George Kinoti, a spokesman for Kenya’s national police, said the officer who shot the man was acting in self defense.
The motivation behind the attack is still unclear. Authorities have raised the possibility that the attack may have been linked to the Somali militant group al-Shabaab or that the man acted as a “lone wolf terrorist.” Kenyan police have said the man was from Wajir County in northeastern Kenya, near the country’s border with Somalia. The only item found on him was a Safaricom SIM card, according to local media.
One thing the incident brought into plain view is how quickly the Kenyan police resort to lethal force and executions. Police killings have been a problem in Kenya, where local NGOs say the police were responsible for 126 cases of summary executions last year, almost three a week.

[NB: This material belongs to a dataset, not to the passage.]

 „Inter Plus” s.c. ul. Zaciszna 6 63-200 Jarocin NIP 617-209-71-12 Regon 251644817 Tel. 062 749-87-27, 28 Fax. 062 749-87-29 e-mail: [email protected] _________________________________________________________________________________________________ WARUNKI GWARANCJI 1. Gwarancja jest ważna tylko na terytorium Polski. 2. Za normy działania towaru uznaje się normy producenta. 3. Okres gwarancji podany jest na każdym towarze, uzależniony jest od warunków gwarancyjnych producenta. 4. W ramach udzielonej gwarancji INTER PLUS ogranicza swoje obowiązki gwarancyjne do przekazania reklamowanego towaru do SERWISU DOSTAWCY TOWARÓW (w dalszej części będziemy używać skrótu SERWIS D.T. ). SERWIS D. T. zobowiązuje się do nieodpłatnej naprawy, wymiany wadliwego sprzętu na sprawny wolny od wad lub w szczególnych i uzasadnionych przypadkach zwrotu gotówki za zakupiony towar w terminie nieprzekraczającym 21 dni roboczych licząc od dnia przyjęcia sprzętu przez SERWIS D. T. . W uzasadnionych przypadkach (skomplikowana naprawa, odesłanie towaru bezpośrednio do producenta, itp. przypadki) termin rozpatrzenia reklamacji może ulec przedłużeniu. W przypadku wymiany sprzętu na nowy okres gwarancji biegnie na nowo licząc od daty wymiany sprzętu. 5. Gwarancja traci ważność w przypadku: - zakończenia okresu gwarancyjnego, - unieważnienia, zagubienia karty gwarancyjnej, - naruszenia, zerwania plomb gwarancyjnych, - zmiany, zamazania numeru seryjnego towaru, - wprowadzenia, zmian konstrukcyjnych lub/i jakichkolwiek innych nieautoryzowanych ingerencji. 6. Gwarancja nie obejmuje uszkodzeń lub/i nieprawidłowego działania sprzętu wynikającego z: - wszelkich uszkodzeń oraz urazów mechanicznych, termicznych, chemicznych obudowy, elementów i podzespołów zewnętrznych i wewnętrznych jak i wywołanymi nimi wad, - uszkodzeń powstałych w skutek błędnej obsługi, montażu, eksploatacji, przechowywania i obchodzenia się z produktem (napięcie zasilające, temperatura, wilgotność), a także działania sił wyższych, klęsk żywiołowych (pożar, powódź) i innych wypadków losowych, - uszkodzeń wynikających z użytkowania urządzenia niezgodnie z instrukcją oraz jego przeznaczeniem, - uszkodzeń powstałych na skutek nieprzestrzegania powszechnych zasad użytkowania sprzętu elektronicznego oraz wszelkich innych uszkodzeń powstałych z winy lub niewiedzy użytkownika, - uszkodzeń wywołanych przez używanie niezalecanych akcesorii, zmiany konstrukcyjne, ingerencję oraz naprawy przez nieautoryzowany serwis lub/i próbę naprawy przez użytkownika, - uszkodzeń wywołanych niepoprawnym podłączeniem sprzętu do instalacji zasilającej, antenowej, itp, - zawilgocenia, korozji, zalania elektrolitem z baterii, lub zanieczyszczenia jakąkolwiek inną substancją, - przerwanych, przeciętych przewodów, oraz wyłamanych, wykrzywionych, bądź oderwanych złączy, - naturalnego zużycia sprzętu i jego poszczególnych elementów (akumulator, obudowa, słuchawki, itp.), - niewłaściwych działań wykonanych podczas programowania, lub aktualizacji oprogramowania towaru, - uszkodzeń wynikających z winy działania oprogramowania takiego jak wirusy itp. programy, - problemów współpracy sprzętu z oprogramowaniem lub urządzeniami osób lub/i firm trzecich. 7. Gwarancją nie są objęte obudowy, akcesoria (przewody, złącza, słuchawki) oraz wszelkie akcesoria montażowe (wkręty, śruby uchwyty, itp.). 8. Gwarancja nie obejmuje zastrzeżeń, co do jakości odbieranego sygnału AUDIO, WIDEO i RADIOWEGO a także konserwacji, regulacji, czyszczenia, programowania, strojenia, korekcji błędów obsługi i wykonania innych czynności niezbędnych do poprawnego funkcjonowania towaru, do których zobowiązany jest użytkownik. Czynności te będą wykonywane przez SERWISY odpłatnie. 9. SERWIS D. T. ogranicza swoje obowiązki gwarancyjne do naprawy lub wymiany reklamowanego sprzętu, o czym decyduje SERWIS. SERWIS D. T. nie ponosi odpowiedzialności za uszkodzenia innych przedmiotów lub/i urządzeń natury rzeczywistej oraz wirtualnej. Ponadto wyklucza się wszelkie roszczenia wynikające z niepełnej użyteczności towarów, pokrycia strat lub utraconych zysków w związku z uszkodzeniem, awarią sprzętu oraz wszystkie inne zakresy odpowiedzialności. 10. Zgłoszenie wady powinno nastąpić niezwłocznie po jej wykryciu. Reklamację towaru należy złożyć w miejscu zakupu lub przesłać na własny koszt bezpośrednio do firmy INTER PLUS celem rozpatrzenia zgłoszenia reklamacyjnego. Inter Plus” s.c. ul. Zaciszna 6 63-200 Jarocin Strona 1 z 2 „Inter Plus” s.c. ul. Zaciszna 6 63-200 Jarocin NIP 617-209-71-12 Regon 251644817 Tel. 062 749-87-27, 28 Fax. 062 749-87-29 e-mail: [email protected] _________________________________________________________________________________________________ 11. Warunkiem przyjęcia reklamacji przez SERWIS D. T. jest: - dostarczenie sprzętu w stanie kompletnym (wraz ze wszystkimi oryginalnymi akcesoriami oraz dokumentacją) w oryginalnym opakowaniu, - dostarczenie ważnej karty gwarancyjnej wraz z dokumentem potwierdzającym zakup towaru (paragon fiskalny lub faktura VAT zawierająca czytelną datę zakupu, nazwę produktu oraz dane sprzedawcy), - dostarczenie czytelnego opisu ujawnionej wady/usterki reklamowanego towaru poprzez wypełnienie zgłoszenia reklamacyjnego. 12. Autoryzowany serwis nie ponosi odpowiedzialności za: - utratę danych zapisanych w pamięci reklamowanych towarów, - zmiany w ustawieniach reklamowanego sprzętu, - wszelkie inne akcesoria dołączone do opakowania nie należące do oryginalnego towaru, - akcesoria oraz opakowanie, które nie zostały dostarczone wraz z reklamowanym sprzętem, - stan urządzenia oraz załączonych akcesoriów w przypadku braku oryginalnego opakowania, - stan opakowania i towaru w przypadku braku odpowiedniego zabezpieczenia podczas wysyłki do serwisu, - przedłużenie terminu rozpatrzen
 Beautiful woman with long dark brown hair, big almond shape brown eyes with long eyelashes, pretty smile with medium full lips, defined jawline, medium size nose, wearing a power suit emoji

According to Kenya’s constitution, firearms should only be used only to protect the life of a police officer or other persons, or in self-defense “against imminent threat of life or serious injury.”
A 2009 probe by United Nations researchers concluded that police killings in Kenya were “systemic” and “widespread.” In 2011, footage of undercover officers executing two Kenyan men in broad daylight caused a national outcry and investigation. Activists say police killings have continued. Earlier this year, the bodies of a well-known human rights lawyer, his client, and a driver were found bound and mutilated in a river after they were involved in a harassment lawsuit against the police.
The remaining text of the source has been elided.